[GIVEN INFORMATION]:
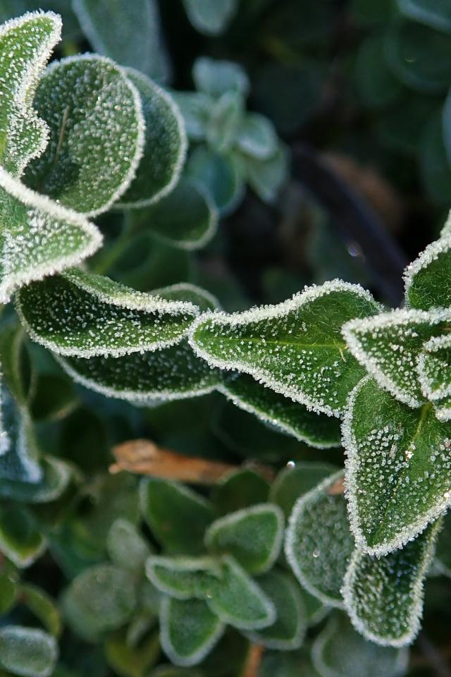 Обои Покрытые инеем зеленые растения
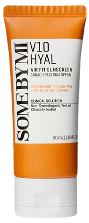 SOME BY MI V10 Hyal Airfit saules aizsargkrēms piedāvā plaša spektra SPF 50 aizsardzību, neatstājot baltu kārtu, padarot to par lielisku izvēli ikdienas aizsardzībai pret sauli.
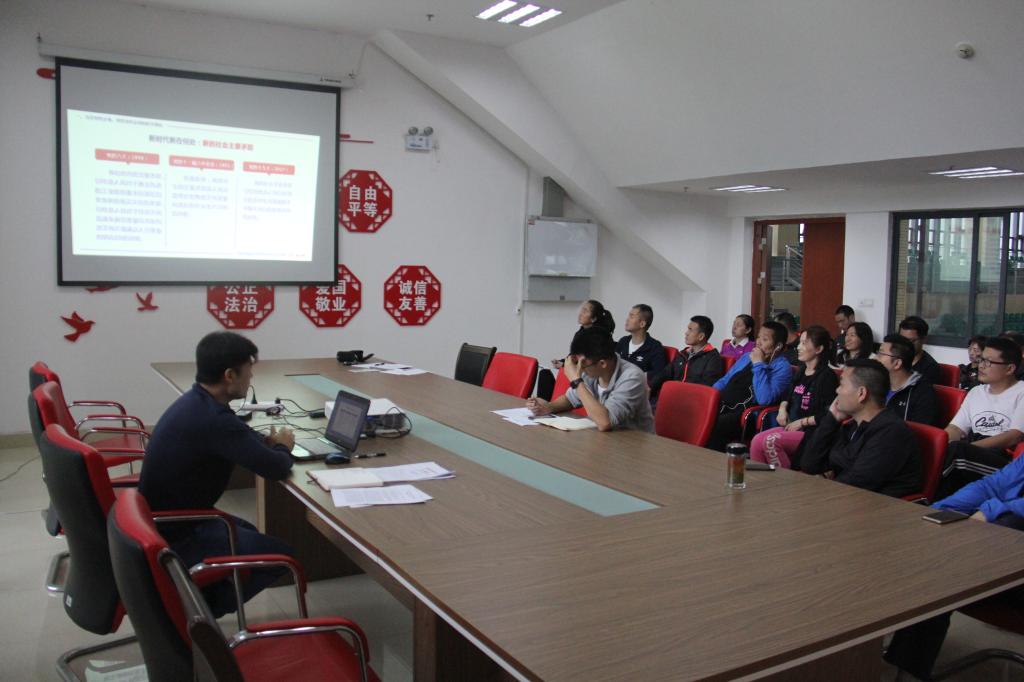 5月30日早上9:00,体育部党总支书记、部长朱海涛在体育馆206党员活动室为体育部全体教职工上了一堂习近平新时代中国特色社会主义思想专题党课。
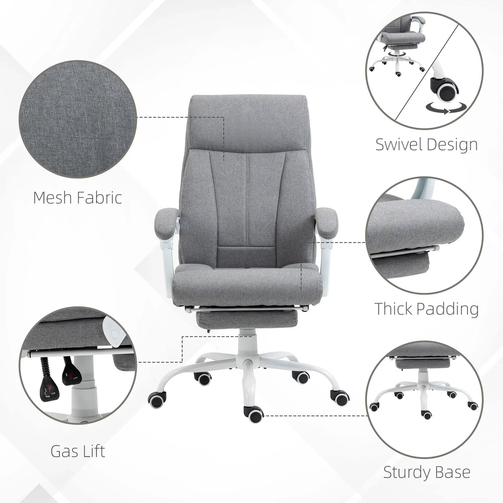 Vinsetto Office Chair, Ergonomic Desk Chair, Fabric Work Study Chair with 155 Reclining Back and Footrest, Adjustable Height and Swivel Wheels, Grey
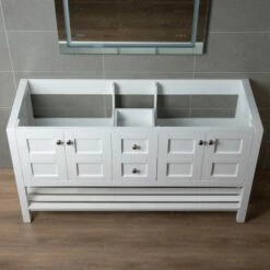 Sydney 60″ Inch Solid Wood Bathroom Vanity Base Only | 2 Soft Closing Doors And 4 Full Extension Solid Wood Dovetail Drawers | White Vanity Color
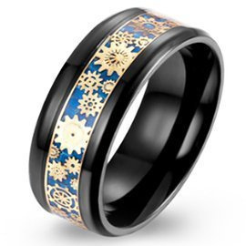 Czarna Obrączka ze Stali Szlachetnej z Aplikacją
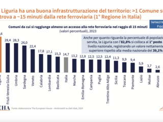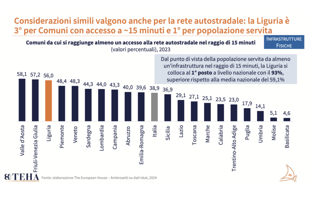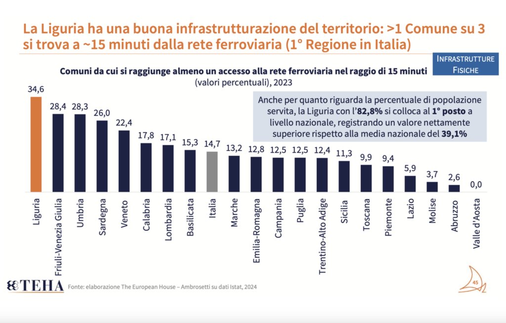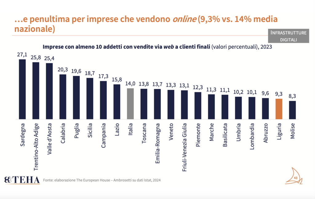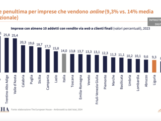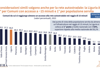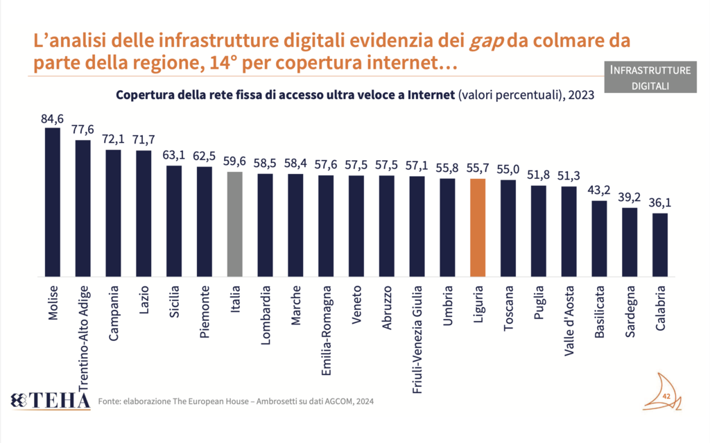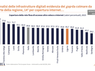 Infine, per quanto riguarda le infrastrutture digitali, la Liguria occupa il 14° posto in Italia con un modesto 55,7% di copertura della rete fissa di accesso ultra veloce a Internet.
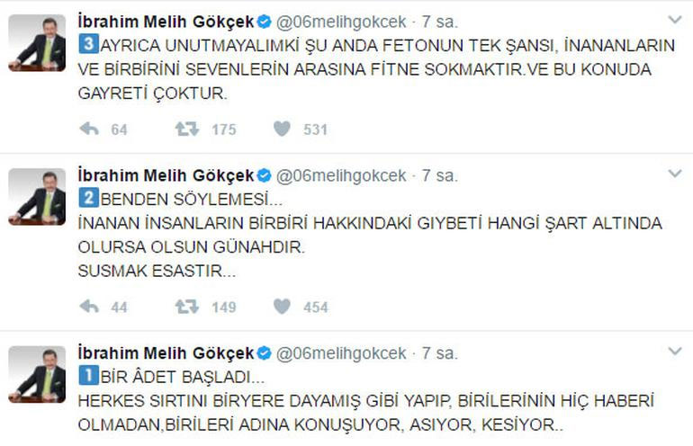 “Bir âdet başladı... Herkes sırtını bir yere dayamış gibi yapıp, birilerinin hiç haberi olmadan,birileri adına konuşuyor, asıyor, kesiyor” diyen Gökçek Twitter’da şunları yazdı:
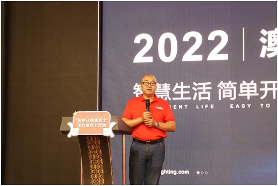 發(fā)布會(huì)伊始,主持人以幽默風(fēng)趣的主持風(fēng)格向來(lái)賓們介紹了本次會(huì)議以及參會(huì)人員,接著澳克士照明總經(jīng)理潘振華先生登臺(tái)發(fā)表致辭。潘總首先對(duì)現(xiàn)場(chǎng)所有嘉賓、經(jīng)銷商家人們及媒體朋友的到來(lái)表示熱烈的歡迎并致以誠(chéng)摯的問(wèn)候。
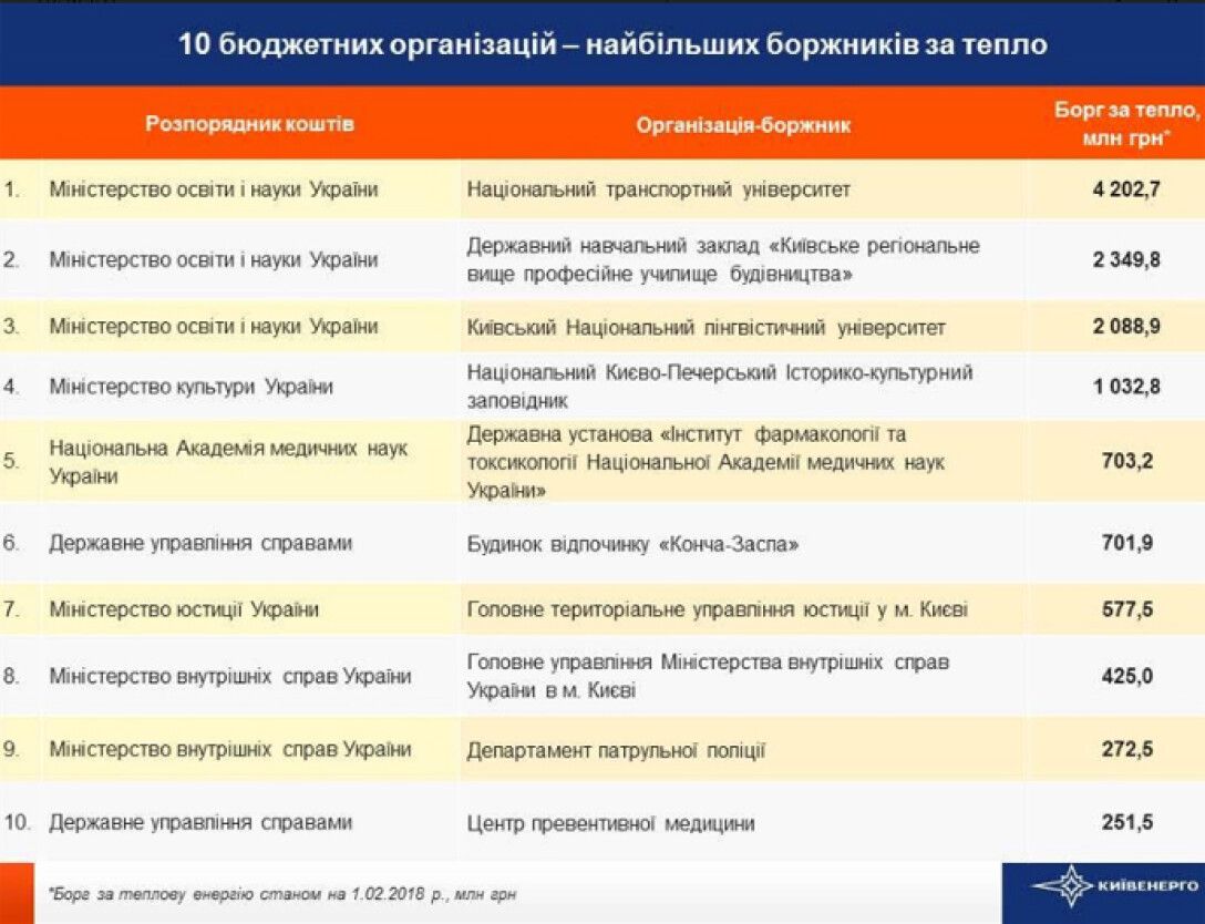 Главное территориальное управление юстиции в Киеве не оплатило почти 577 тысяч гривен за потребленное тепло, Главное управление МВД – 425 тысяч гривен, а Департамент патрульной полиции – 273 тысячи гривен.
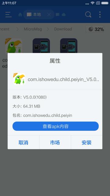 此处锤子M1L中,已安装的 少儿趣配音的app,所在的目录是:
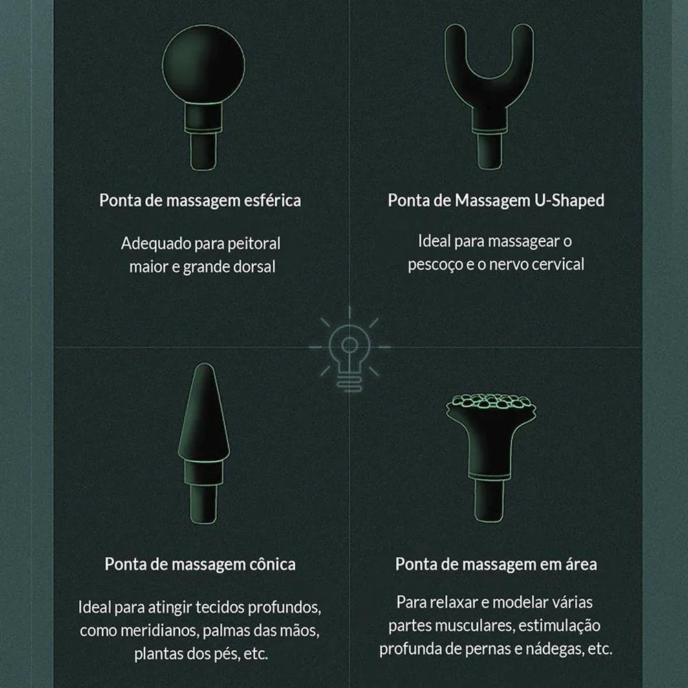 Vibração de alta frequência em velocidades: o músculo massageador pode efetivamente reduzir a rigidez e a dor muscular, aumentar o fluxo sanguíneo e amplitude de movimento e melhorar a saúde dos tecidos moles do corpo.6 Modos Com 4 pontas.
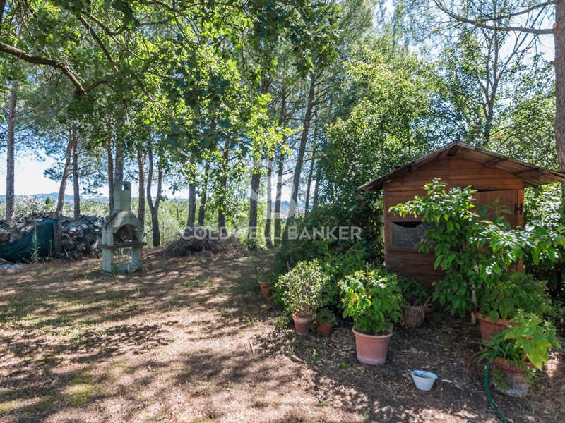 Allesterno, un grande giardino esclusivo circonda limmobile, circondato da circa 11.000 mq di terreno suddiviso tra bosco, uliveto e seminativo, offrendo spazio per vivere al meglio loutdoor: area relax, orto o zona barbecue
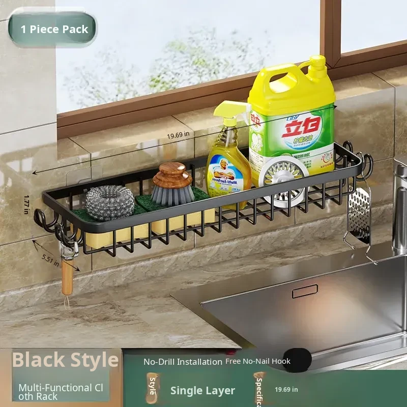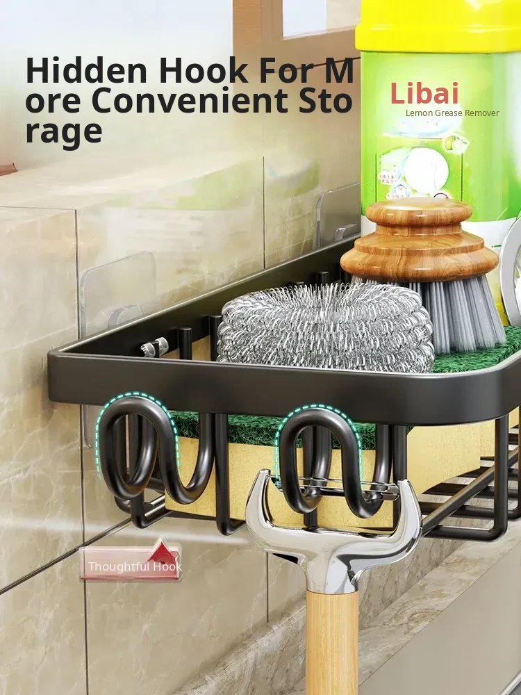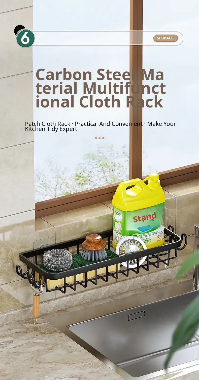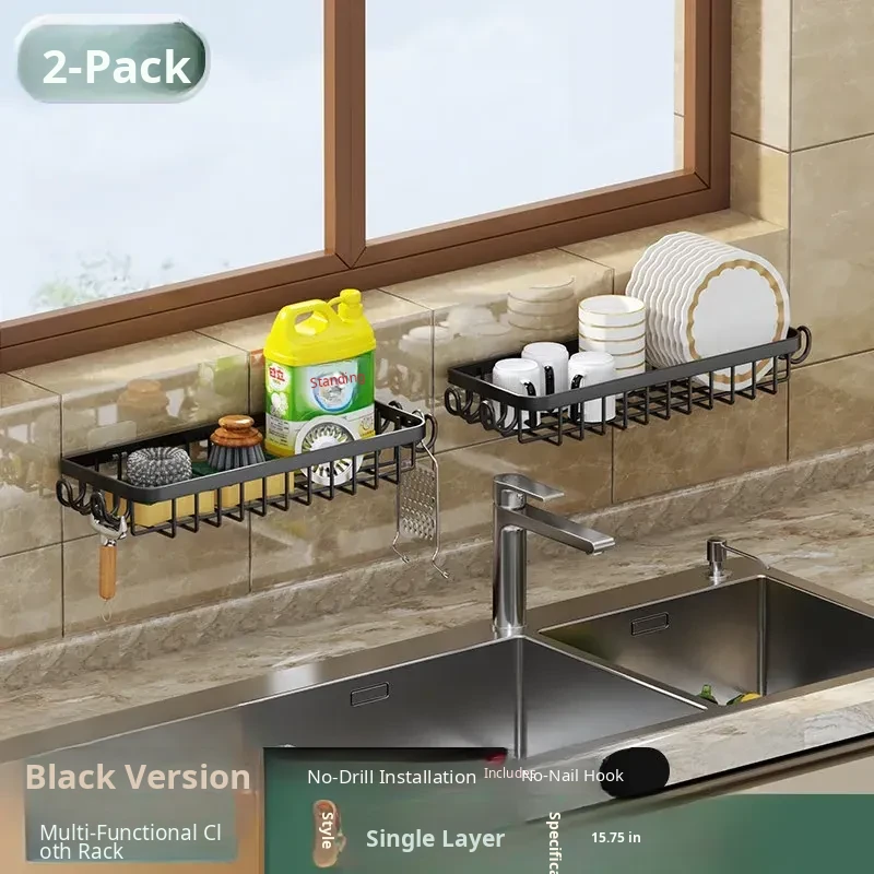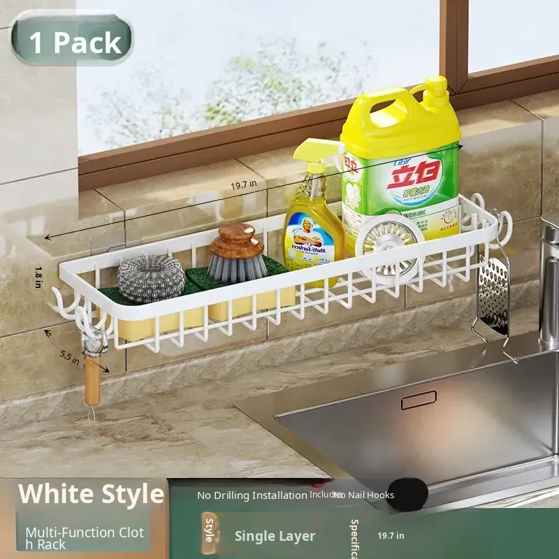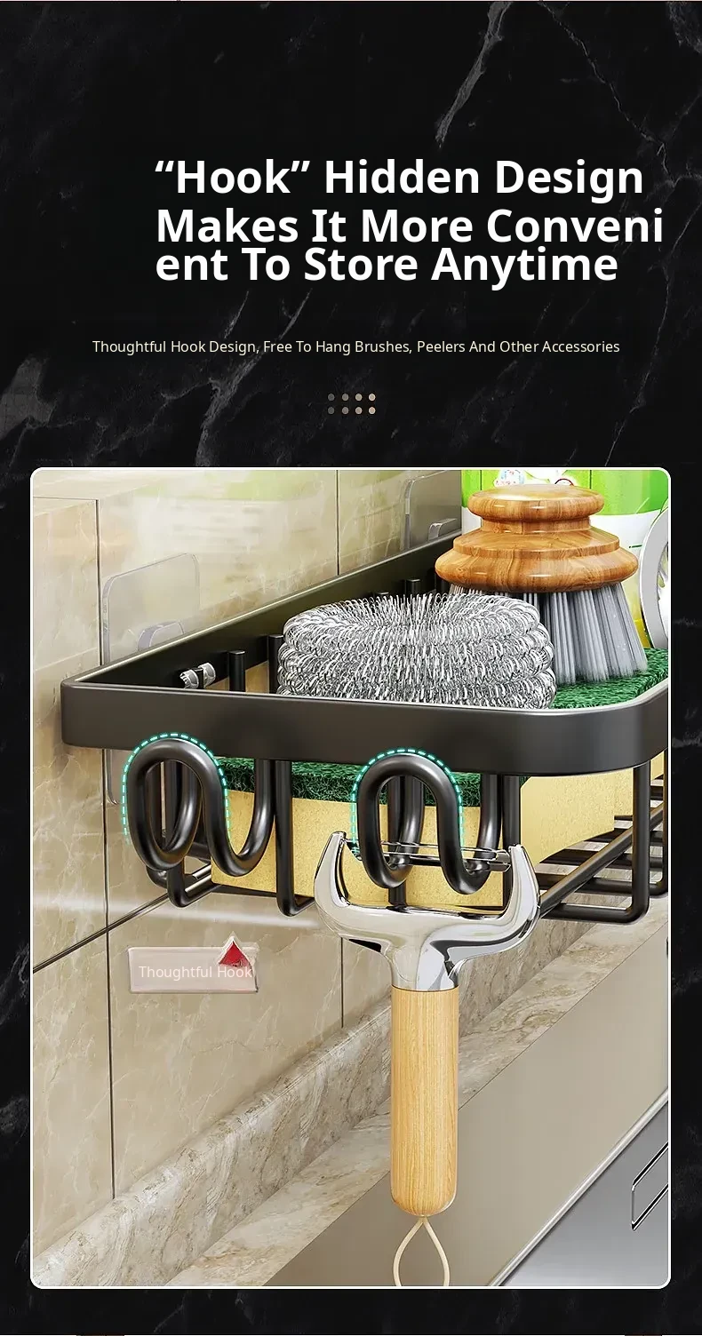 Multi-functional Kitchen Dish Cloth Rack - No Drill Storage Shelf with Hooks, Perfect for Draining and Organizing Sink Essentials!

[TASK REQUIREMENTS]:
In the copy, no picture may appear; the records themselves must be output exactly.

[RESPONSE]:
 Обои Покрытые инеем зеленые растения
 SOME BY MI V10 Hyal Airfit saules aizsargkrēms piedāvā plaša spektra SPF 50 aizsardzību, neatstājot baltu kārtu, padarot to par lielisku izvēli ikdienas aizsardzībai pret sauli.
 5月30日早上9:00,体育部党总支书记、部长朱海涛在体育馆206党员活动室为体育部全体教职工上了一堂习近平新时代中国特色社会主义思想专题党课。
 Vinsetto Office Chair, Ergonomic Desk Chair, Fabric Work Study Chair with 155 Reclining Back and Footrest, Adjustable Height and Swivel Wheels, Grey
 Sydney 60″ Inch Solid Wood Bathroom Vanity Base Only | 2 Soft Closing Doors And 4 Full Extension Solid Wood Dovetail Drawers | White Vanity Color
 Czarna Obrączka ze Stali Szlachetnej z Aplikacją
 Infine, per quanto riguarda le infrastrutture digitali, la Liguria occupa il 14° posto in Italia con un modesto 55,7% di copertura della rete fissa di accesso ultra veloce a Internet.
 “Bir âdet başladı... Herkes sırtını bir yere dayamış gibi yapıp, birilerinin hiç haberi olmadan,birileri adına konuşuyor, asıyor, kesiyor” diyen Gökçek Twitter’da şunları yazdı:
 發(fā)布會(huì)伊始,主持人以幽默風(fēng)趣的主持風(fēng)格向來(lái)賓們介紹了本次會(huì)議以及參會(huì)人員,接著澳克士照明總經(jīng)理潘振華先生登臺(tái)發(fā)表致辭。潘總首先對(duì)現(xiàn)場(chǎng)所有嘉賓、經(jīng)銷商家人們及媒體朋友的到來(lái)表示熱烈的歡迎并致以誠(chéng)摯的問(wèn)候。
 Главное территориальное управление юстиции в Киеве не оплатило почти 577 тысяч гривен за потребленное тепло, Главное управление МВД – 425 тысяч гривен, а Департамент патрульной полиции – 273 тысячи гривен.
 此处锤子M1L中,已安装的 少儿趣配音的app,所在的目录是:
 Vibração de alta frequência em velocidades: o músculo massageador pode efetivamente reduzir a rigidez e a dor muscular, aumentar o fluxo sanguíneo e amplitude de movimento e melhorar a saúde dos tecidos moles do corpo.6 Modos Com 4 pontas.
 Allesterno, un grande giardino esclusivo circonda limmobile, circondato da circa 11.000 mq di terreno suddiviso tra bosco, uliveto e seminativo, offrendo spazio per vivere al meglio loutdoor: area relax, orto o zona barbecue
 Multi-functional Kitchen Dish Cloth Rack - No Drill Storage Shelf with Hooks, Perfect for Draining and Organizing Sink Essentials!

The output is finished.